Novel in vitro comparative model of osteogenic and inflammatory cell response to dental implants.

OBJECTIVES

Roughened dental implants promote mesenchymal stem cell (MSCs) osteoblastic differentiation, and hydrophilic modifications induce anti-inflammatory macrophages activation. While the effect of different surface modifications on osseointegration of commercial dental implants have been compared in vivo and clinically, the initial cellular response to these modifications often overlooked. We aimed to characterize the macrophage inflammatory response and MSC osteogenesis across different commercially available implants in vitro.

METHODS

Six commercially available rough implants [OsseoSpeed™ (Astra-Tech™, Implant A); Osseotite (Biomet 3i™, Implant B); TiUnite™ (Nobel-Biocare, Implant C); Ti-SLA, (Implant D), Roxolid (RXD-SLA, Implant E), RXD-SLActive (Implant F) (Straumann)] were examined. Macrophages and MSCs were seeded directly on implants and cultured in custom vials. mRNA and protein levels of pro- (IL1B, IL6, IL17A, CXCL10, TNFa) and anti- (IL4, IL10, TGFB1) inflammatory markers were measured after 24 and 48h in macrophages. Osteoblastic differentiation of MSCs was assessed after seven days by alkaline phosphatase activity, osteocalcin, and angiogenic, osteogenic, and inflammatory markers by ELISA and qPCR (n=6/variable, ANOVA, post hoc Tukey HSD with α=0.05).

RESULTS

Hydrophilic implant F induced the highest level of osteogenic factor released from MSCs and anti-inflammatory factors from macrophages with the lowest level of pro-inflammatory factors.

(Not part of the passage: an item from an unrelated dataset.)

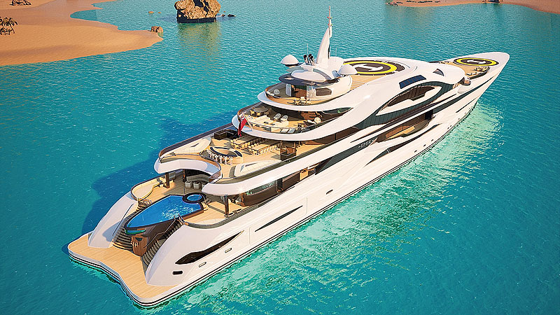 Изгибы этой мегаяхты похожи на причудливый орнамент... Вероятно, британская студия Gresham Yacht Design задумывала свой новый концепт в расчете на интерес клиентов с Ближнего Востока. Название Emir на рендерах написано по-арабски, а роскошь просто кричит в мегафон. К примеру, под вертолетную площадку отведен верхний ярус надстройки. Рядом с ней находится вестибюль, через который гости смогут спуститься на застекленном лифте в главный салон или на нижнюю палубу – к своим каютам. Вторая вертолетная площадка размещена в носовой части верхней палубы. Главный салон студия описывает как двухъярусный «бальный зал» с полностью застекленными стенами и опоясывающей его внутреннее пространство галереей, имеющей два выхода на боковые балконы. Мастер-каюта также с двумя балконами, личный салон владельца и бассейн расположены на отдельной палубе. Большой бассейн с застекленной передней стенкой парит над купальной платформой. На борту размещена станция переработки отходов и система очистки сточных вод, на 9/10 сокращающие вредные выбросы.

Alternatively, implants A and C supported lower levels of osteogenesis and increased secretion of pro-inflammatory factors.

SIGNIFICANCE

In this study, we successfully evaluated differences in cell response to commercially available clinical implants using an in vitro model. Data from this model suggest that not all surface modification procedures generate the same cell response.